19. Voor zover verzoekers hebben betoogd dat een volledig akoestisch onderzoek noodzakelijk is, gelet op het feit dat de woningen meer dan 10 jaar zullen blijven staan (vermoedelijk 40 tot 50 jaar), verwijst de voorzieningenrechter naar hetgeen hij onder rechtsoverweging 7 tot en met 8.1. heeft overwogen.
20. Ten aanzien van de externe veiligheid heeft het college in zijn verweerschrift een nadere toelichting gegeven en daarbij aangegeven dat de Veiligheidsregio heeft aangegeven geen bezwaren te hebben tegen het plan. De voorzieningenrechter acht ook deze toelichting vooralsnog voldoende.

Conclusie en gevolgen

21. Gelet op het vorenstaande is er vooralsnog onvoldoende grond voor het oordeel dat de omgevingsvergunning in bezwaar niet in stand zal kunnen blijven.
22. Voor het treffen van een voorlopige voorziening bestaat dan ook geen grond. Het verzoek daartoe wordt daarom afgewezen. Dit betekent dat vergunninghouder gebruik mag blijven maken van de verleende omgevingsvergunning.
23. Voor een vergoeding van het griffierecht of een proceskostenveroordeling bestaat geen aanleiding.

Beslissing

De voorzieningenrechter wijst het verzoek om voorlopige voorziening af.
Deze uitspraak is gedaan door mr. J.H.M. Hesseling, voorzieningenrechter, in aanwezigheid van mr.
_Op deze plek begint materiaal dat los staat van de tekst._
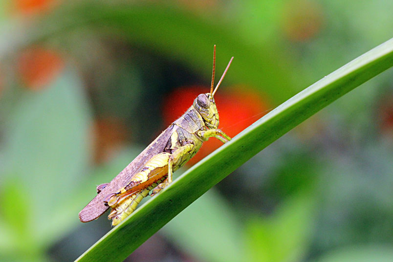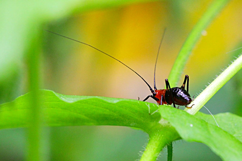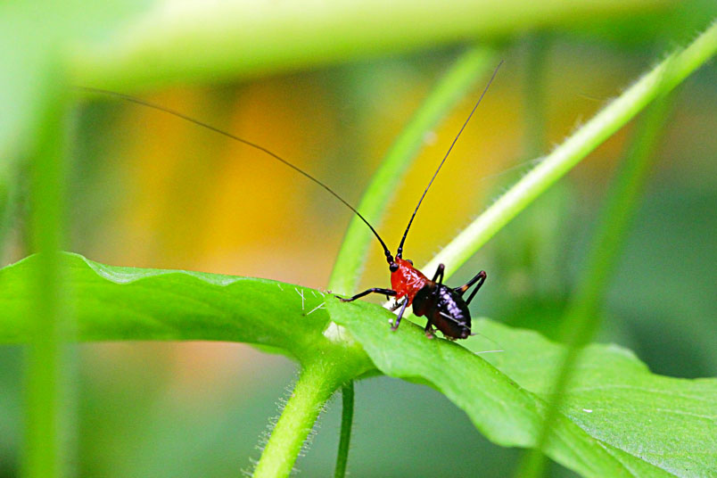 叢活動,體色會隨環境改變,但後腳腿節的黑色斑紋是穩定的。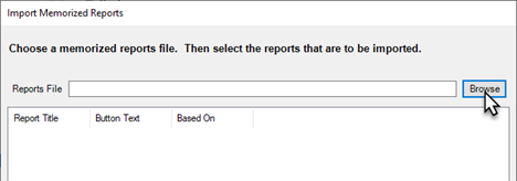- Now, click Supervisor > Import Memorized Reports and then click the Browse button in the top right.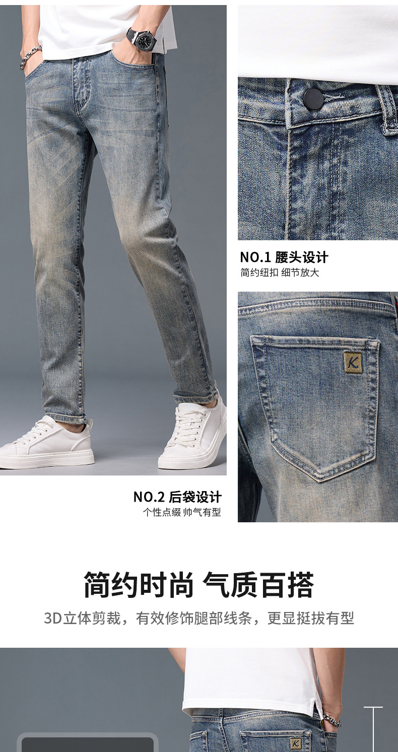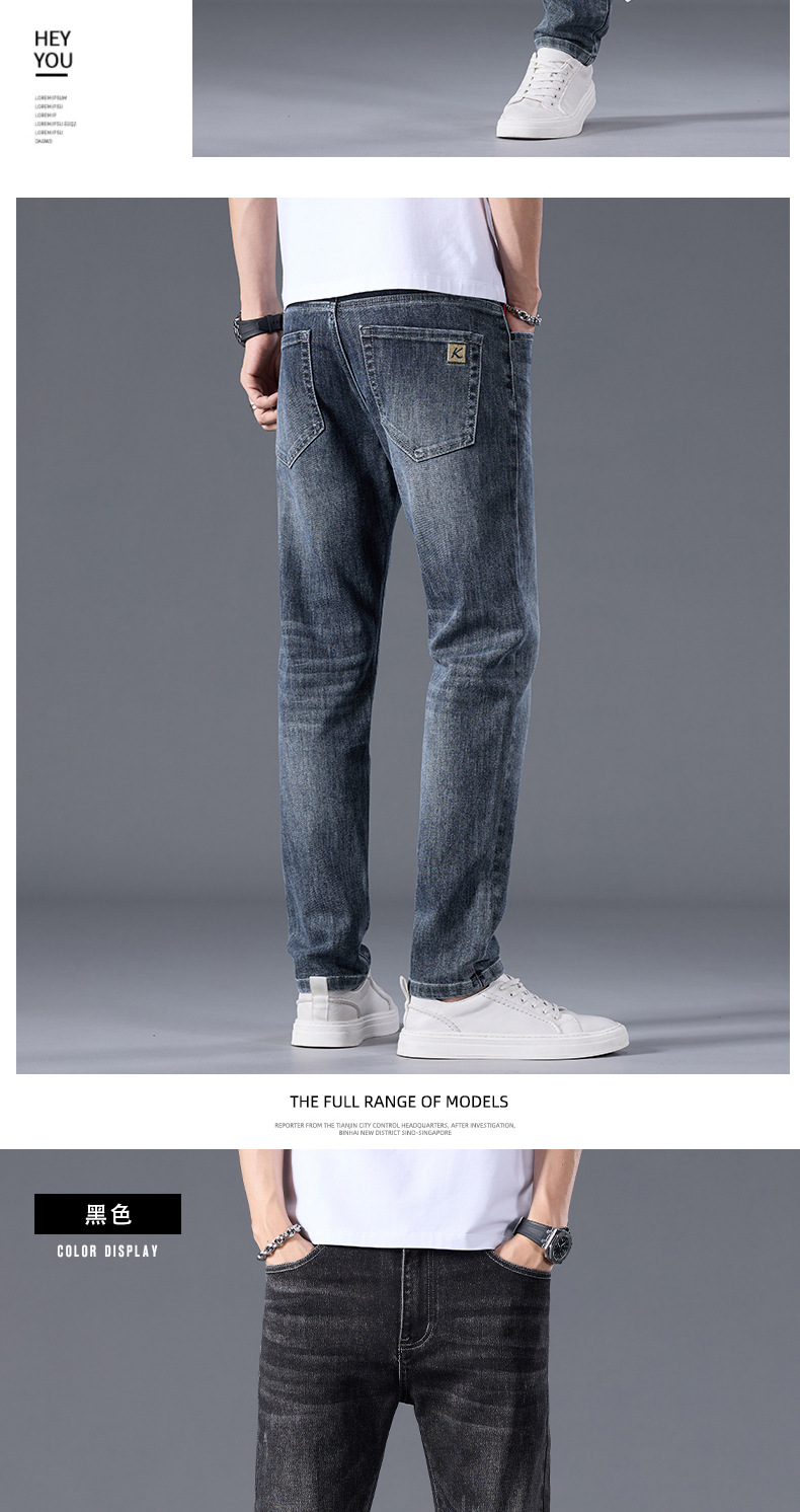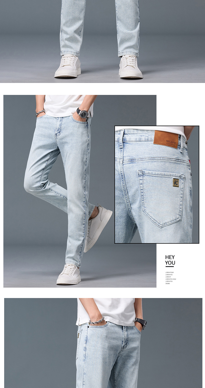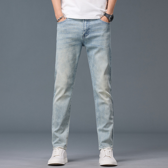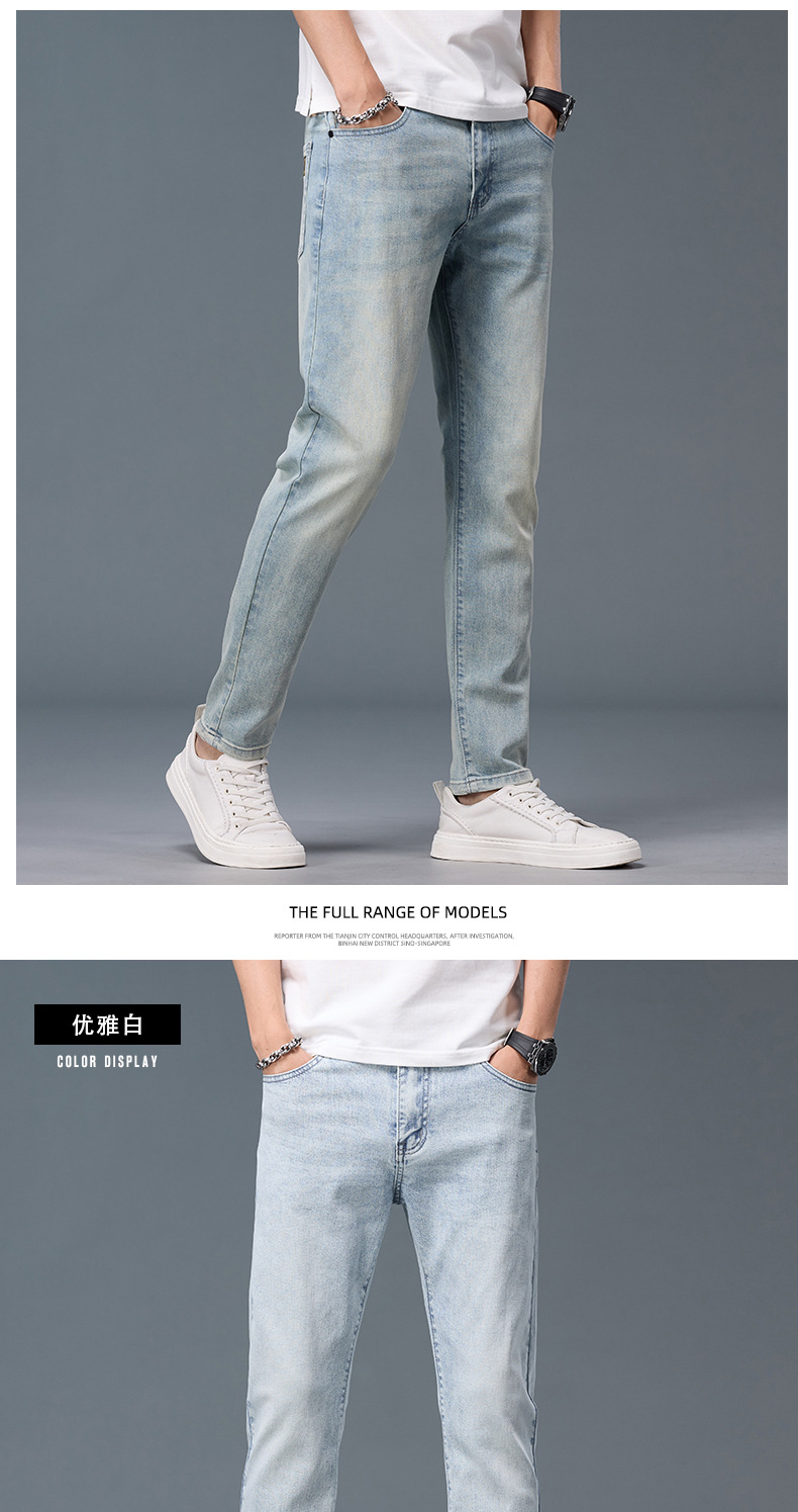 봄과 여름 2025 새로운 스트레치 슬림 핏 한국 스타일 녹 컬러 남성 청바지 남성 캐주얼 바지 839스토어 가기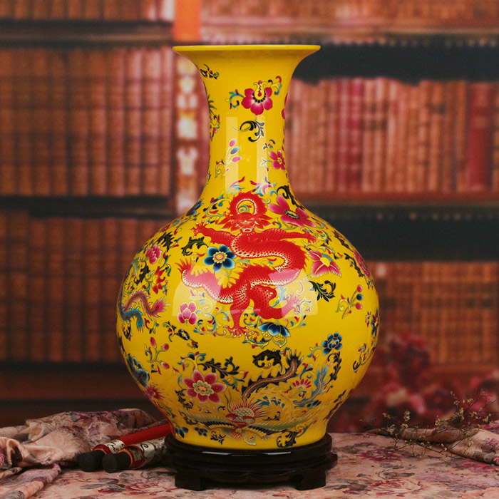 Tall crystal glaze yellow dragon and phoenix floor standing vases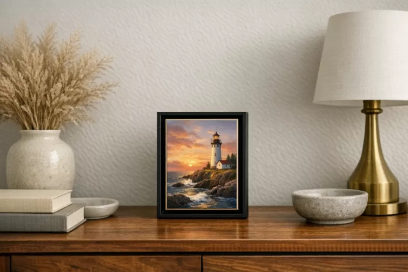 With small 5x7 pieces, the frame should support the artwork without overpowering it. Think about where it will live and how it will be viewed—stand-alone as a small accent, or as part of a grouped wall.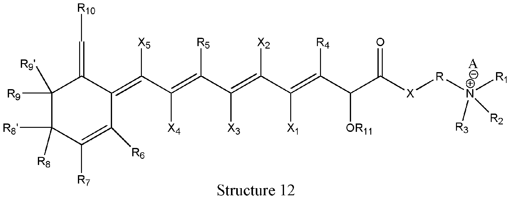 X X , C alkyl, C alkyloxy, C perfluoroalkyl, C alkeny, C alkyny, or C alkyl halide; R5 represents H, OH, Cl, Br, F, I, NO2, CN, SO2X1, COX1, COOX 1, NX 1 COX 2, SOX 1, SX 1, PO 3 X 1 X2, C 1-6 alky -7l, CI-O alky Jloxy -7, CI-O p^er- fluoroalkyl, C alkeny, C alkyny, or C alkyl halide; R represents H, OH, Cl, Br, F, I, NO 2 , CN, SO 2 X 1 , COX 1 , COOX 1 , NX1 COX 2 , SOX 1 , SX1 , PO3 X 1 X2 , C 1-6 alkyl, C alkyloxy, C perfluoroalkyl, C alkeny, C alkyny, or C alkyl halide; R7 represents H, OH, Cl, Br, F, I, NO2, CN, SO2X1, COX1, COOX1, NX1 COX 2, SOX 1, SX 1, PO 3 X 1 X 2, C 1-6 alky -7l, CI-O alky Jloxy -7, CI-O p^erfluoroalky Jl, C 1-6 alkeny, C alkyny, or C alkyl halide; R represents H, OH, Cl, Br, F, I, NO , CN, SO 2 X 1 , COX 1 , COOX 1 , NX1 COX 2 , SOX 1 , SX 1 , PO 3 X 1 X 2 , C 1-6 alkyl, C 1-6 alkyloxy, C perfluoroalkyl, C alkeny, C alkyny, or C alkyl halide; A" represents Cl", Br", F", I", AcO", citrate, or any negative ions. The double bonds on the side chain may have Z or E configuration. All R, R , R , R , R , -(CH ) - groups are branched or straight chains, and may contain C, H, O, S, N, and other atoms and may contain single, double, triple bonds and ring systems.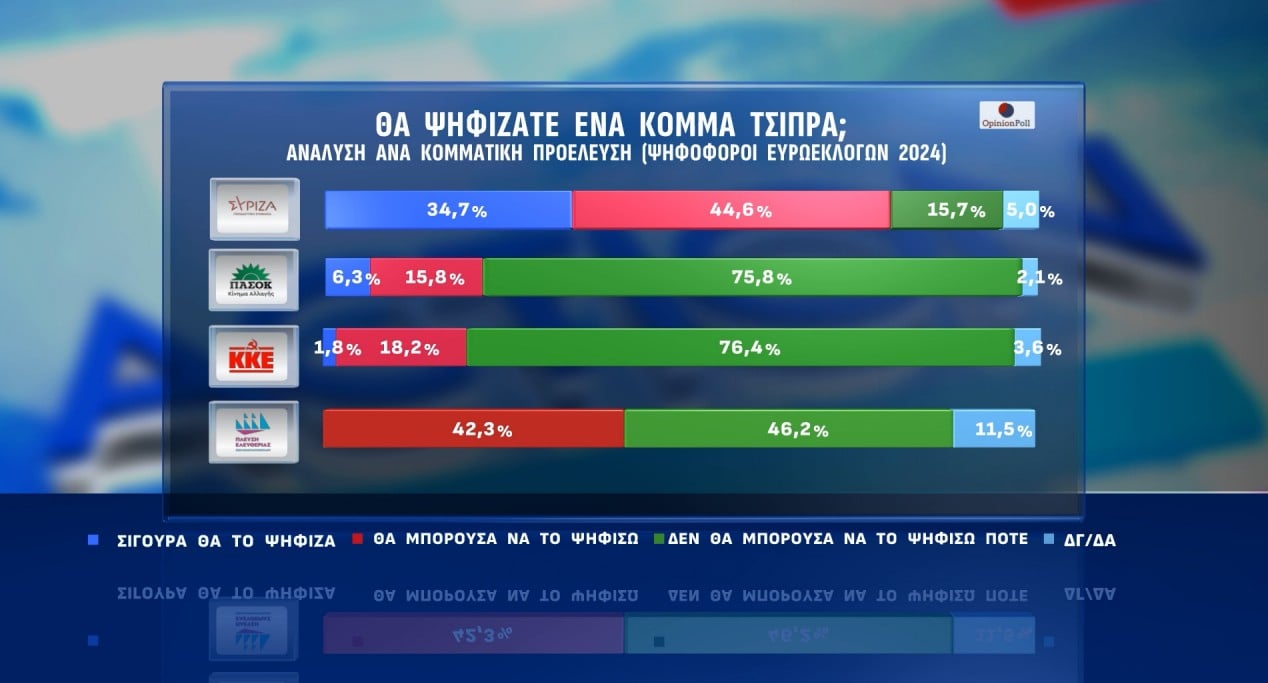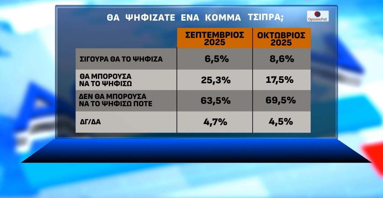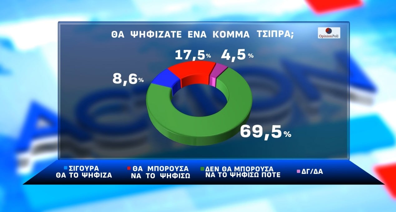 Αναφορικά με το ενδεχόμενο νέου κόμματος από τον πρώην πρωθυπουργό Αλέξη Τσίπρα και πόσοι θα το ψήφιζα, το 8,6% δηλώνει ότι «θα το ψήφιζε σίγουρα», το 17,5% «θα μπορούσε να το ψηφίσει», ενώ το 69,5% λέει ότι «δεν θα μπορούσε να το ψηφίσει ποτέ».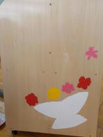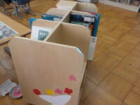 今年の4月、なのはな学級の開級に伴い、これまで使っていた本棚がロッカーになったり、新たに本の数が増えたりと本を配架する場所が限られてしまいました。さらに子供たちが本を読みたても、読みたいを本を選ぶための移動が大変でした。そこで、市庶務課業務サポートチームの方々に可動式本棚を作っていただき、5月から使用を開始しました。
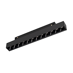 Светильник для магнитных треков MAG-FLEX шириной 26 мм. Мощность 8 Вт, св. поток 460 лм, 58 лм/Вт, дневной 4000 K, CRI>90, угол 24градусов, напряжение питания 48 В. Черный прямоугольный корпус из металл, экран поликарбонат, степень защиты IP20. Размер: длина 235 мм, ширина 22 мм, высота 42 мм. Монтаж на трек MAG-FLEX. Пульсация <1%.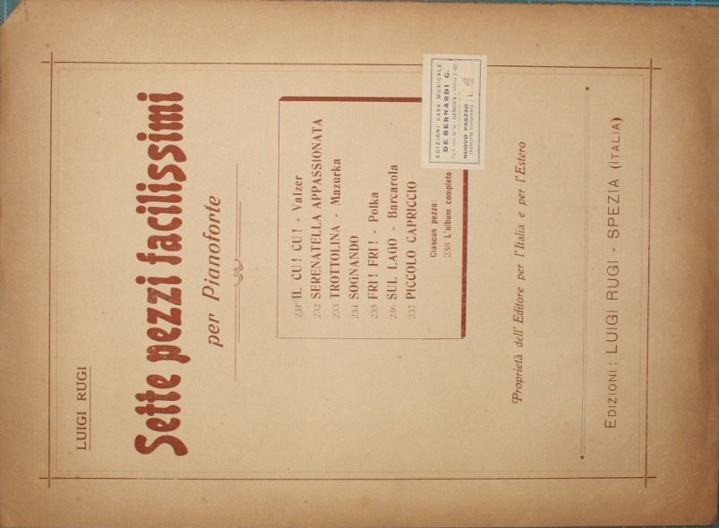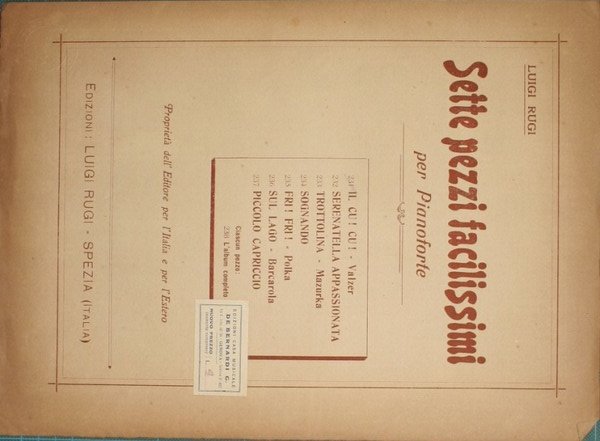 Valzer - Collana Collezione Universale per pianoforte. N. 545 - in 4° - pp.3 - Brossura editoriale illustrata - Strappetti e angolo mancante alla brossura - Contiene la brossura originale (Sette pezzi facilissimi per Pianoforte. N. 231.Edizioni Luigi Rugi, Spezia)
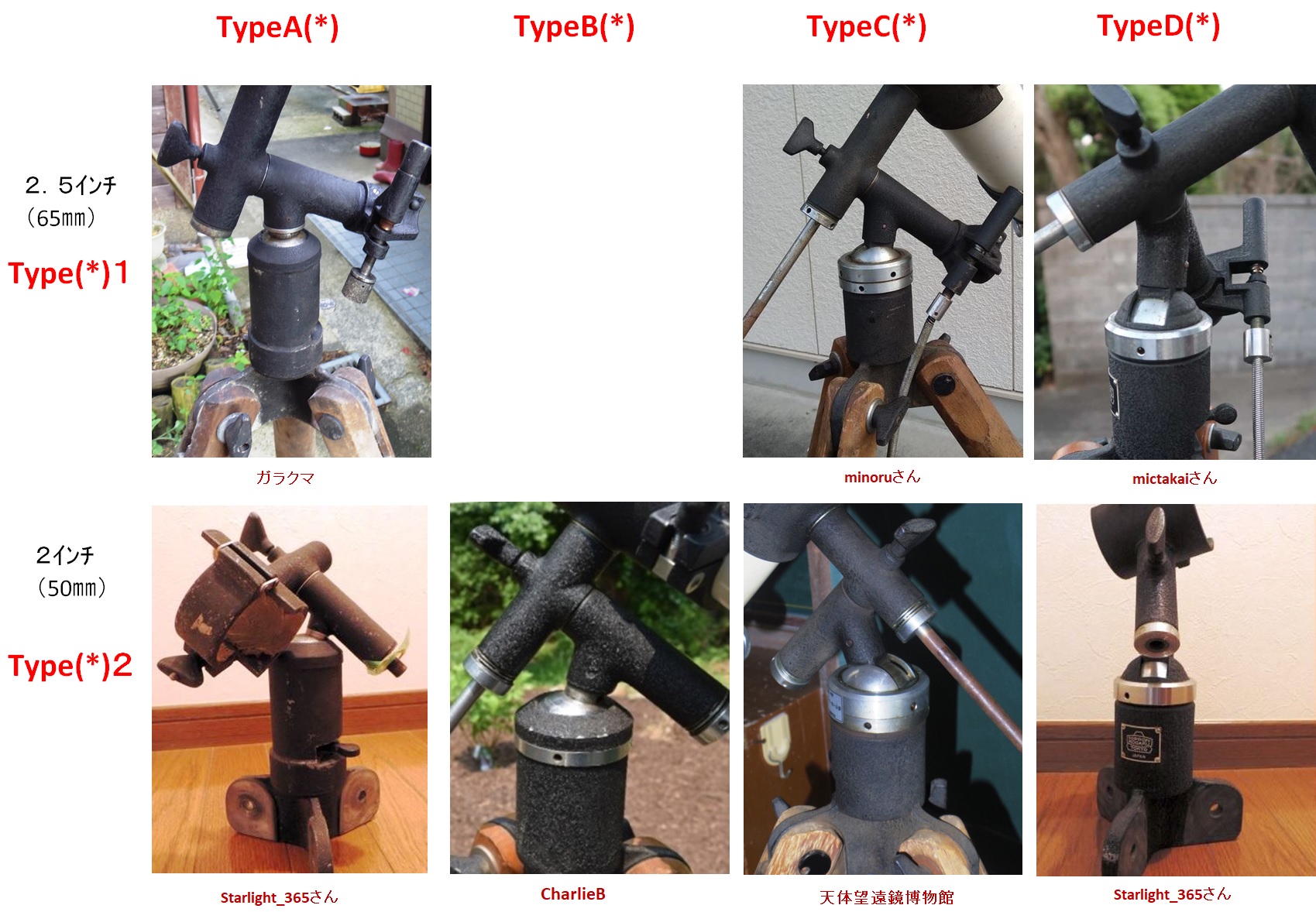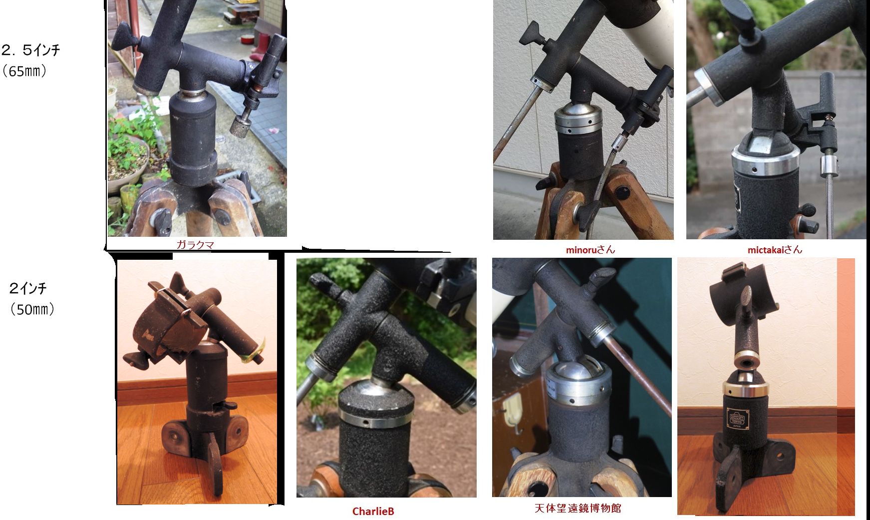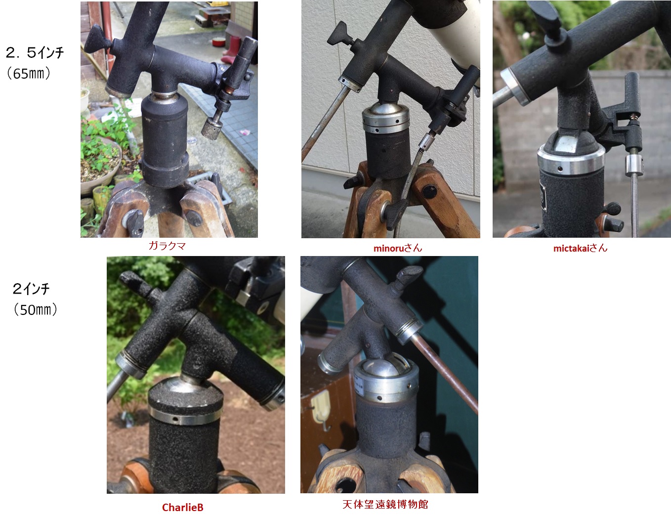 写真1、2枚目は私が手に入れた物。3枚目は博物館の所有の2.5インチ(故本田実氏使用)、4枚目は2インチ、5枚目は五藤光学エロス号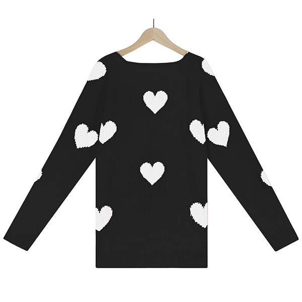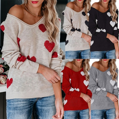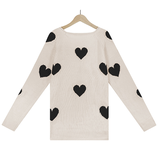 Fashion Heart Pattern V-neck Long Sleeve Pullover Sweater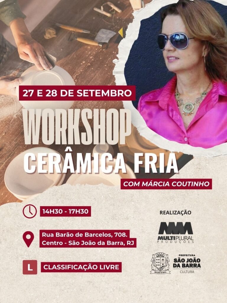 Nos dias 27 e 28 de setembro de 2025, a Casa Multiplural de Cultura (Rua Barão de Barcelos, 708), em São João da Barra/RJ, recebe o workshop “Cerâmica Fria – Pequenos Objetos”, com duração total de 6 horas, das 14h30 às 17h30. Ao final, os participantes receberão certificado de participação.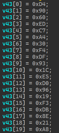 uint8_t EncKey[]{0xd4, 0x90, 0x60, 0xed, 0xc7, 0xa4, 0x30, 0xf4, 0xdf, 0x93, 0x1c, 0xe5, 0xd0, 0x96, 0x19, 0xf3, 0xdb, 0x8e, 0x21, 0xa8};

J.C. Smitstra, griffier. De uitspraak is uitgesproken in het openbaar op .
griffier
voorzieningenrechter
Een afschrift van deze uitspraak is verzonden aan partijen op:

Tegen deze uitspraak staat geen hoger beroep of verzet open.

Voetnoten

1.De uitspraak van de Afdeling van 29 februari 2012, ECLI:NL:RVS:2012:BV7253.
2.Zie bijvoorbeeld de uitspraak van 4 april 2018, ECLI:NL:RVS:2018:1112.